§ **Your objective**:
Looking at the listing below, retype exactly the lines starting at the one containing "т.е. на полюсе" and ending at the one containing "皆にだっこされても泣かないけいすけ君です", both included, and nothing else.

§ **Entries shown**:
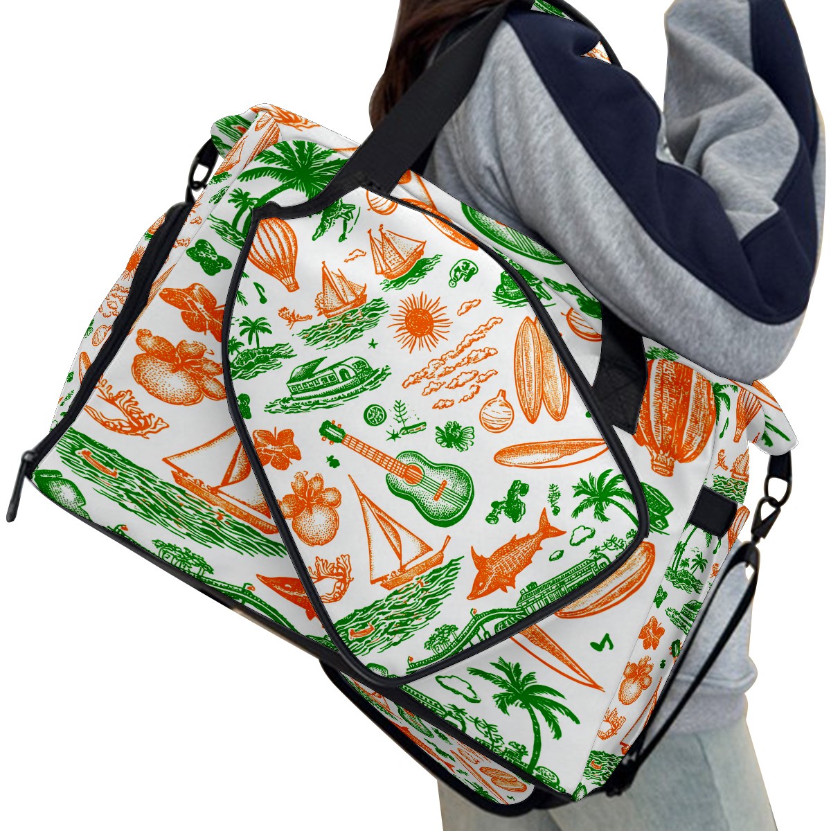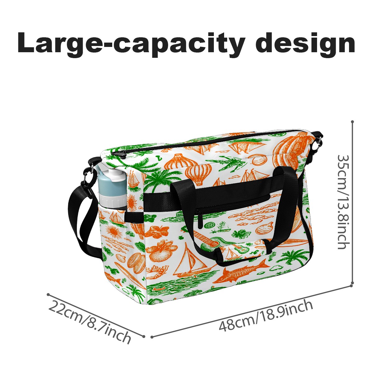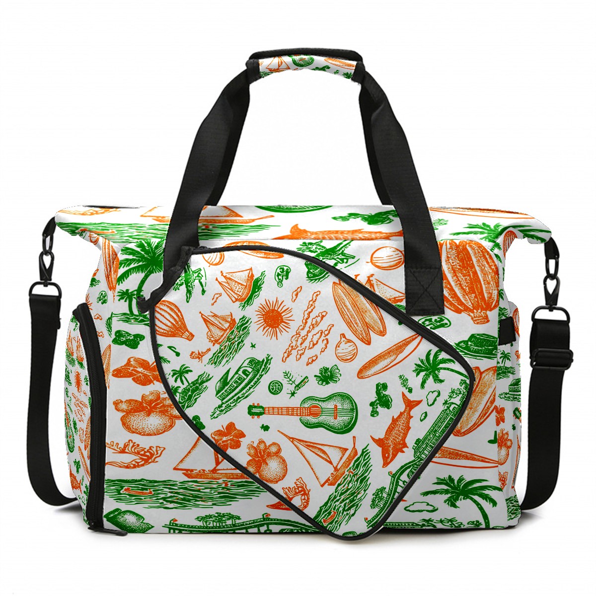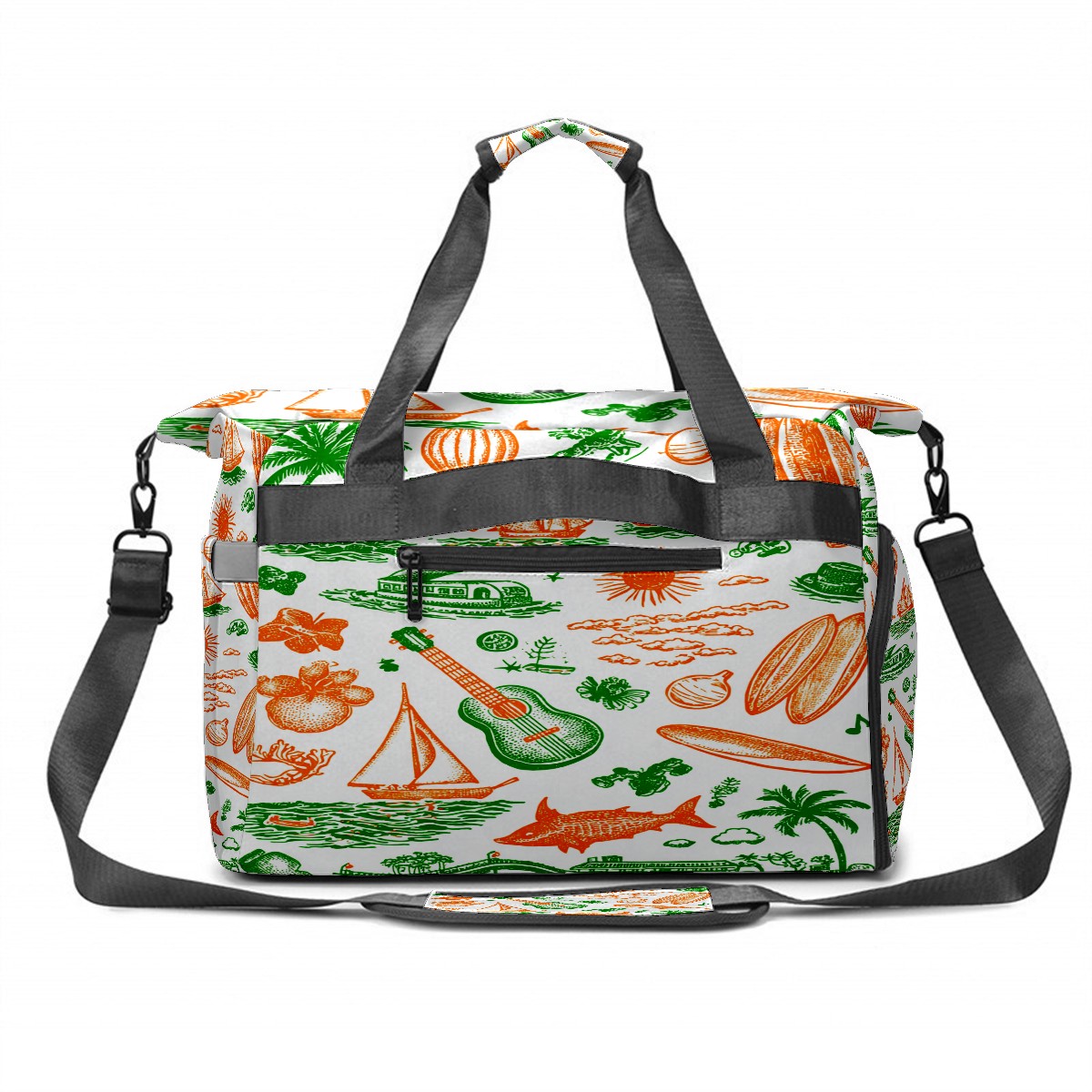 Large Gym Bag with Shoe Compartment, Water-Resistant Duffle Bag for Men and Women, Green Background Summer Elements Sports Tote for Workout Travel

==

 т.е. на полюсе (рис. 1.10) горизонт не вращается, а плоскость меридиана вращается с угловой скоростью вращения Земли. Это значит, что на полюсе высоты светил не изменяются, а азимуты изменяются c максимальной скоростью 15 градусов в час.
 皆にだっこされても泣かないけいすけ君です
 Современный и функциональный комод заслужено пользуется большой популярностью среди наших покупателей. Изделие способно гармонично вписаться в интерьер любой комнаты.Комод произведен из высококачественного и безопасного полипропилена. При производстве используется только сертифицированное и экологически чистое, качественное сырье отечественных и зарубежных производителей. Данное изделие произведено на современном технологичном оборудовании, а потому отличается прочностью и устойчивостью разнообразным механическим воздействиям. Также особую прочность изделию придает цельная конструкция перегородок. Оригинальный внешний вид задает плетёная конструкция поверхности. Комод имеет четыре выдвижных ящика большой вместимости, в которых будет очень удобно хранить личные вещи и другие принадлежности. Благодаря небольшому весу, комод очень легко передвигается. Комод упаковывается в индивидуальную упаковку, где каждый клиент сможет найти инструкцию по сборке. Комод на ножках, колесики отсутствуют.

§ **Problem solution**:
 т.е. на полюсе (рис. 1.10) горизонт не вращается, а плоскость меридиана вращается с угловой скоростью вращения Земли. Это значит, что на полюсе высоты светил не изменяются, а азимуты изменяются c максимальной скоростью 15 градусов в час.
 皆にだっこされても泣かないけいすけ君です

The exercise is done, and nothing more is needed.